◆ **YOUR TASK**: When a picture appears among the records, leave it out, and copy all else exactly.

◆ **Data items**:
+ + +

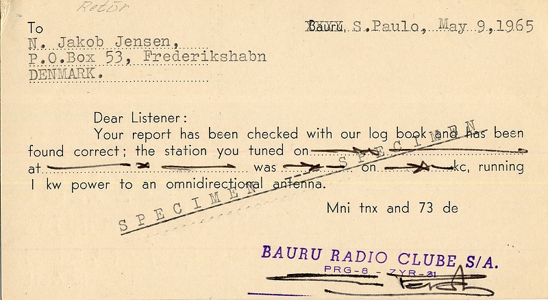 QSL Courtesy of the "Niels J Jensen Collection, Danish Shortwave Club International (DSWCI), Radio Heritage Foundation"
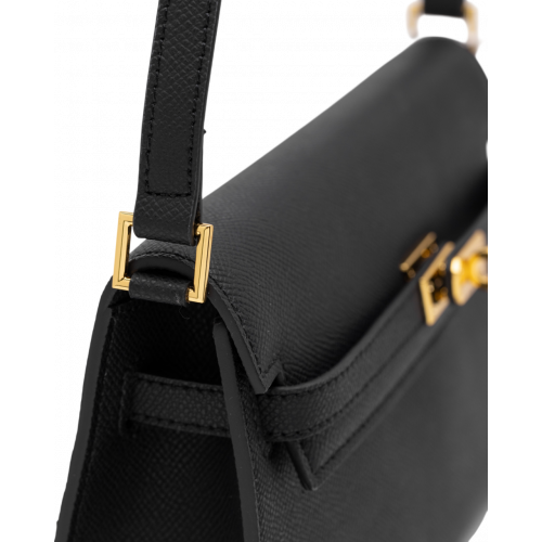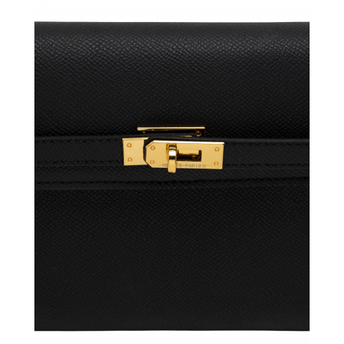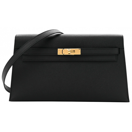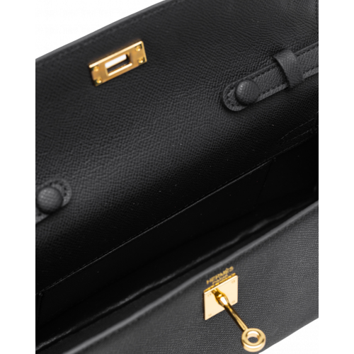 Брендовая женская сумка Hermes Kelly Pochette Handbag in Black/Gold Hardware
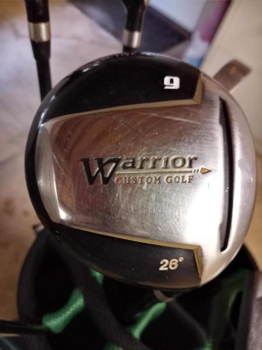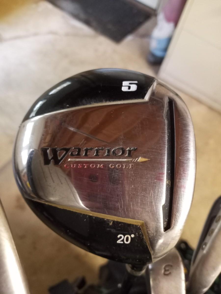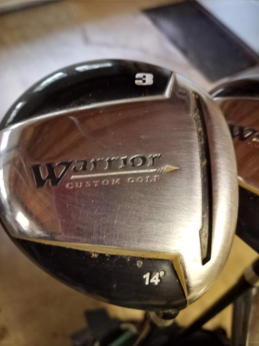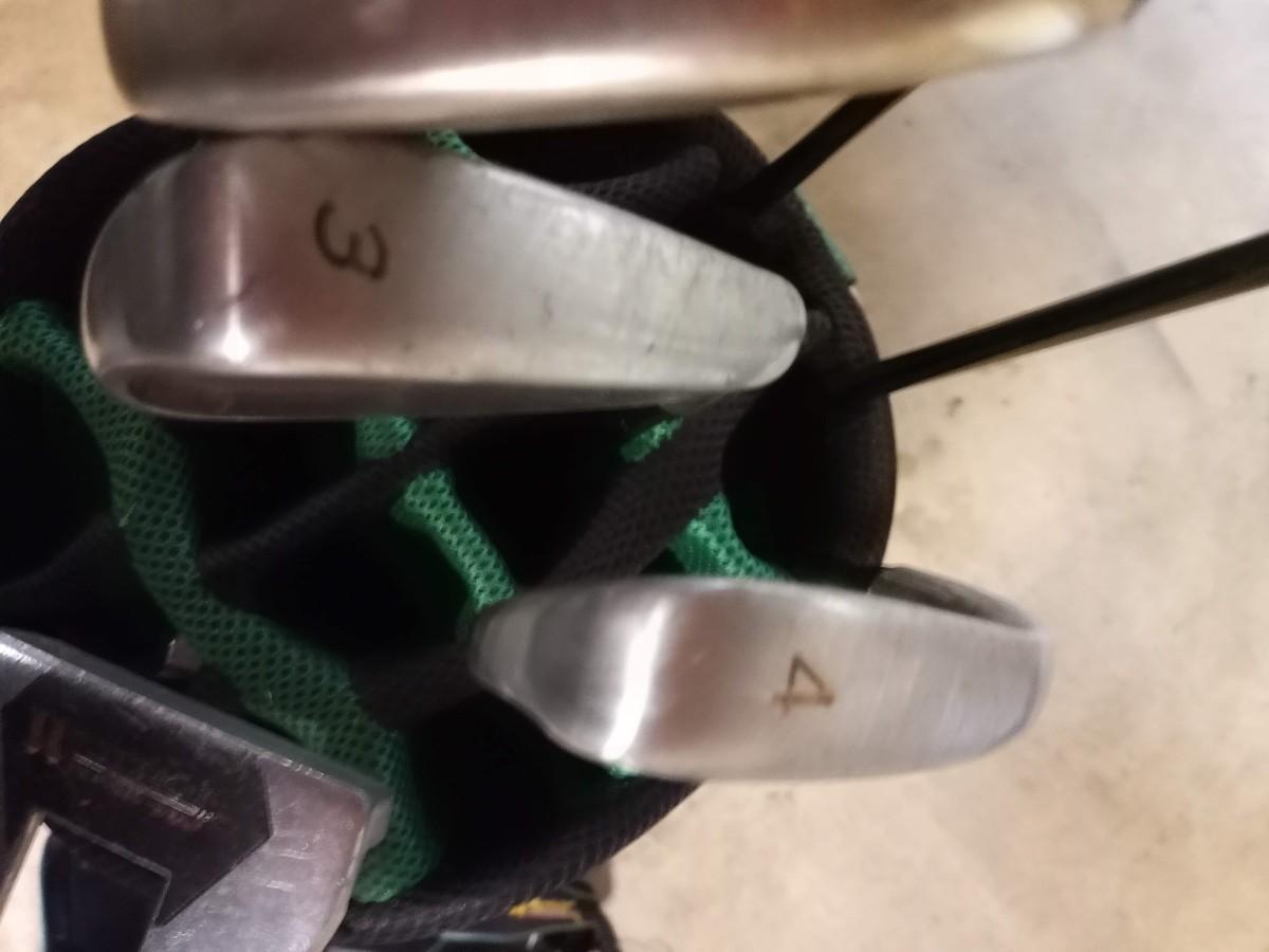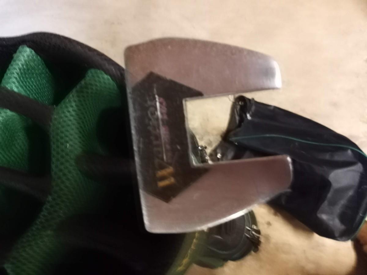 Black and green Warrior golf bag with 6 clubs and specialty tool and bag
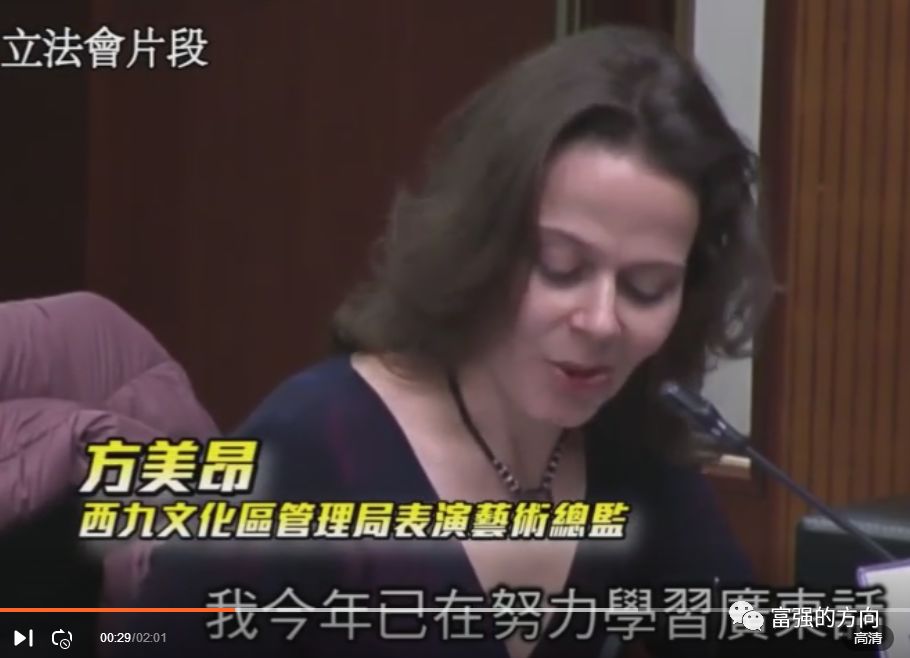 一位外裔面孔的西九文化区管理局表演艺术总监女士在立法会发言,发生了下列故事:
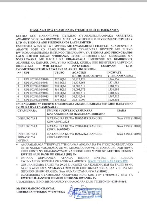 UMUHESHA W’INKIKO W’UMWUGA, ARAMENYESHA ABANTU BOSE KO AZATEZA MURI CYAMUNARA IMITUGO ITIMUKANWA YA Thomas AND PIRONGLANDS LACs LIMITEED IGIZWE N’IBIBANZA BYOSE BIHEREREYE GASABO-KIMIRONKO-KIBAGABAGA-NYIRABWANA.
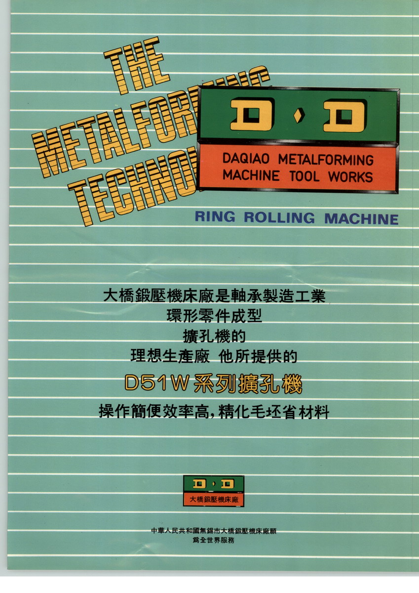 大桥锻压机床厂座落在交通便利、工业基础雄厚、富饶美丽的太湖之滨。1983年以来,专门从事辗环机的研制工作,为轴承、汽车、柴油机工业的环形零件辗扩提供新系列的辗环机。
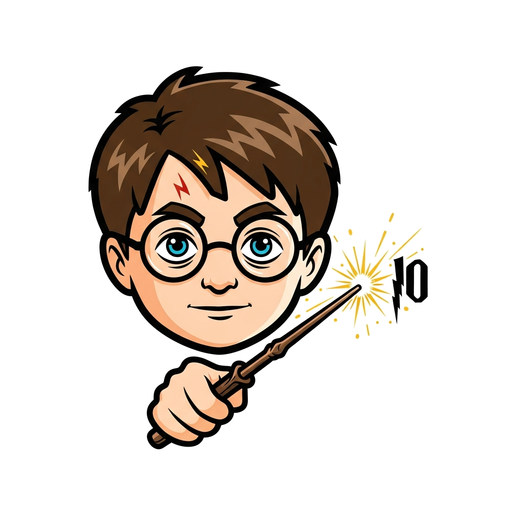 "A cool illustration of Harry Potter's face with his iconic glasses and scar, holding his wand mid-spell, with magical sparks and a subtle '10' integrated into the design, vibrant and detailed fantasy art style."
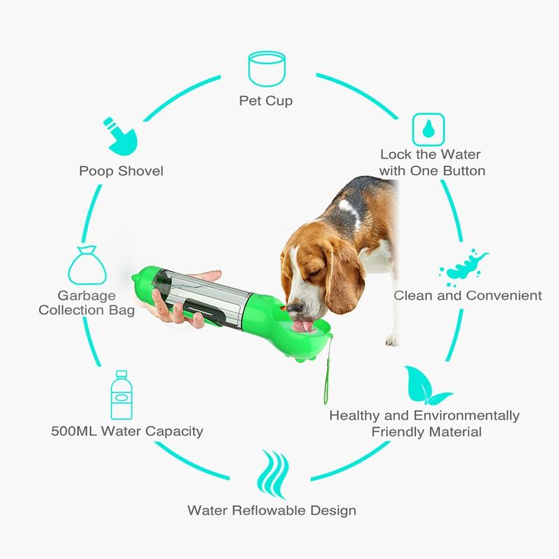 • SH-01 Bouteille d'eau portable multifonctionnelle pour chien avec distributeur de sacs à crottes - 500ml, sans BPA
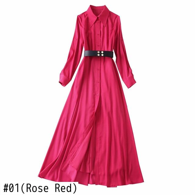 ランウェイ春秋の女性のロングドレスシングルブレストシャツベルトパーティードレス スプリング 春物 オータム 秋物 ハーネス pri70009255856
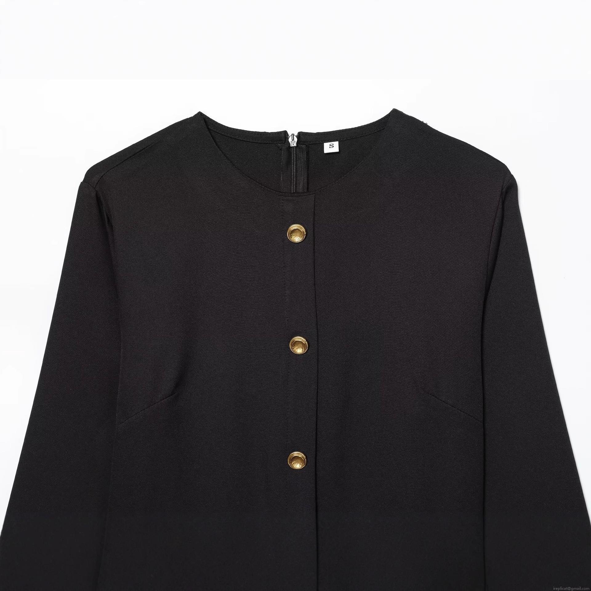 • Elegant Black Bodycon Midi Dress For Women Long Sleeve Belted Shirt Dress With Gold Buttons Round Neck Split Hem Office Party Wear
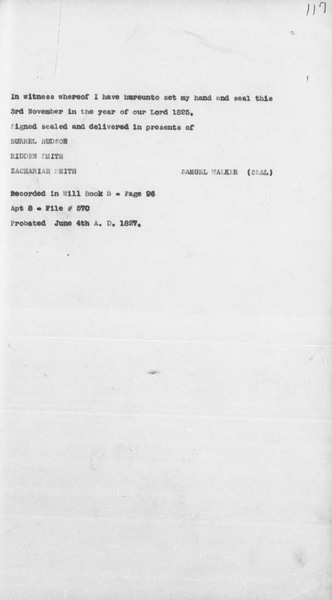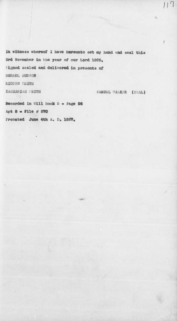 Samuel Walker (1750-1826) Will
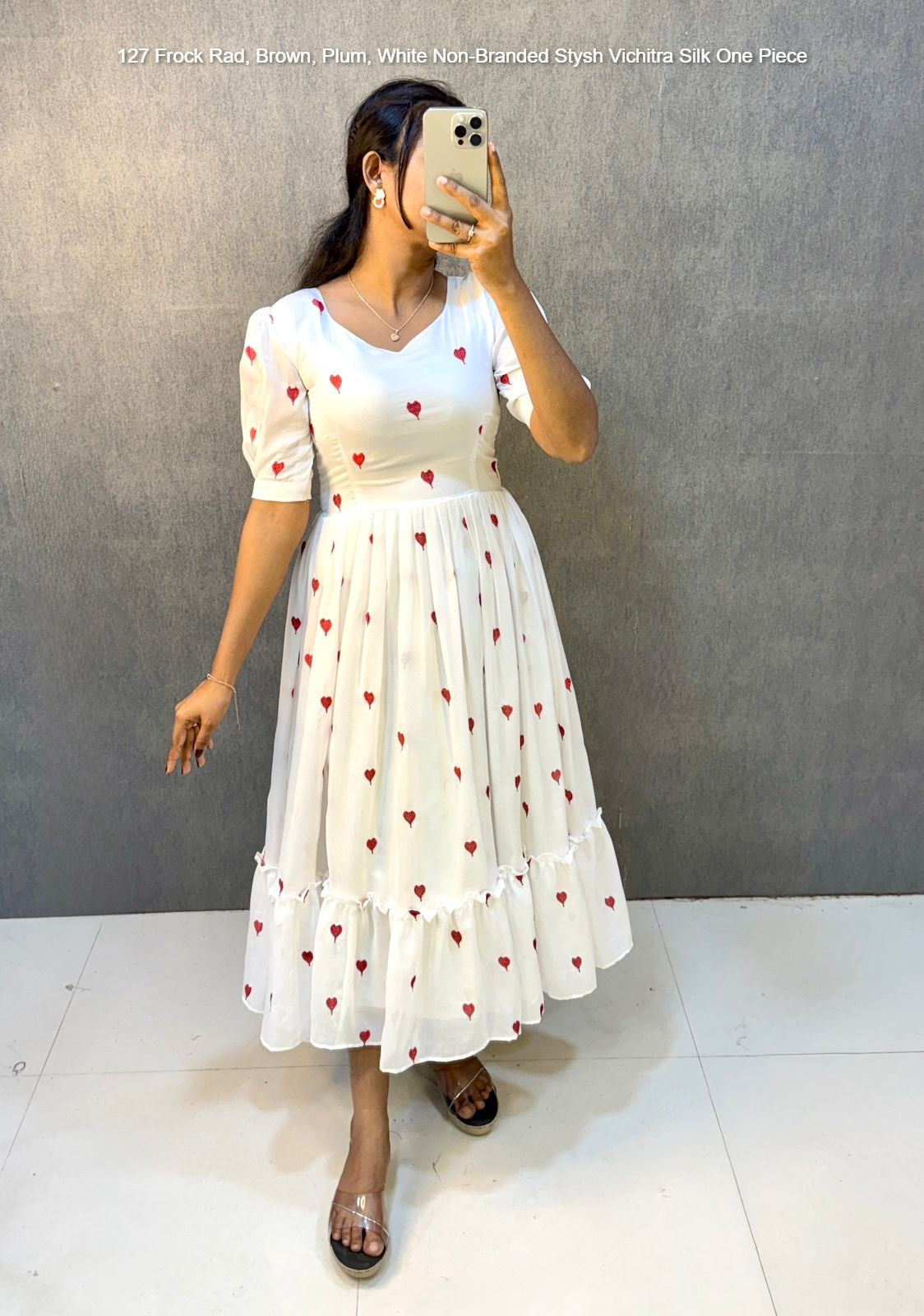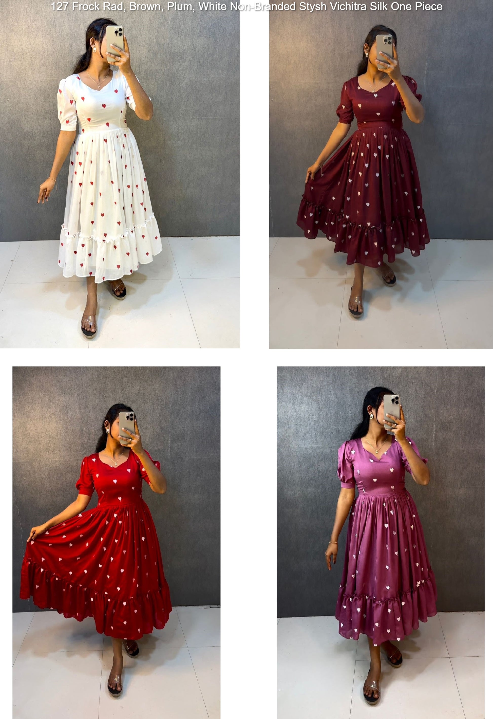 - 127 Frock Rad, Brown, Plum, White Non-Branded Stysh Vichitra Silk One Piece Dealer Ahmedabad Surat Wholesale Gujarat India Lowest Price Best Quality Buy Purchase Shipping Kurta Salwaar Kameez Also free Cash on delivery

+ + +

◆ **ANSWER SECTION**:
 QSL Courtesy of the "Niels J Jensen Collection, Danish Shortwave Club International (DSWCI), Radio Heritage Foundation"
 Брендовая женская сумка Hermes Kelly Pochette Handbag in Black/Gold Hardware
 Black and green Warrior golf bag with 6 clubs and specialty tool and bag
 一位外裔面孔的西九文化区管理局表演艺术总监女士在立法会发言,发生了下列故事:
 UMUHESHA W’INKIKO W’UMWUGA, ARAMENYESHA ABANTU BOSE KO AZATEZA MURI CYAMUNARA IMITUGO ITIMUKANWA YA Thomas AND PIRONGLANDS LACs LIMITEED IGIZWE N’IBIBANZA BYOSE BIHEREREYE GASABO-KIMIRONKO-KIBAGABAGA-NYIRABWANA.
 大桥锻压机床厂座落在交通便利、工业基础雄厚、富饶美丽的太湖之滨。1983年以来,专门从事辗环机的研制工作,为轴承、汽车、柴油机工业的环形零件辗扩提供新系列的辗环机。
 "A cool illustration of Harry Potter's face with his iconic glasses and scar, holding his wand mid-spell, with magical sparks and a subtle '10' integrated into the design, vibrant and detailed fantasy art style."
 • SH-01 Bouteille d'eau portable multifonctionnelle pour chien avec distributeur de sacs à crottes - 500ml, sans BPA
 ランウェイ春秋の女性のロングドレスシングルブレストシャツベルトパーティードレス スプリング 春物 オータム 秋物 ハーネス pri70009255856
 • Elegant Black Bodycon Midi Dress For Women Long Sleeve Belted Shirt Dress With Gold Buttons Round Neck Split Hem Office Party Wear
 Samuel Walker (1750-1826) Will
 - 127 Frock Rad, Brown, Plum, White Non-Branded Stysh Vichitra Silk One Piece Dealer Ahmedabad Surat Wholesale Gujarat India Lowest Price Best Quality Buy Purchase Shipping Kurta Salwaar Kameez Also free Cash on delivery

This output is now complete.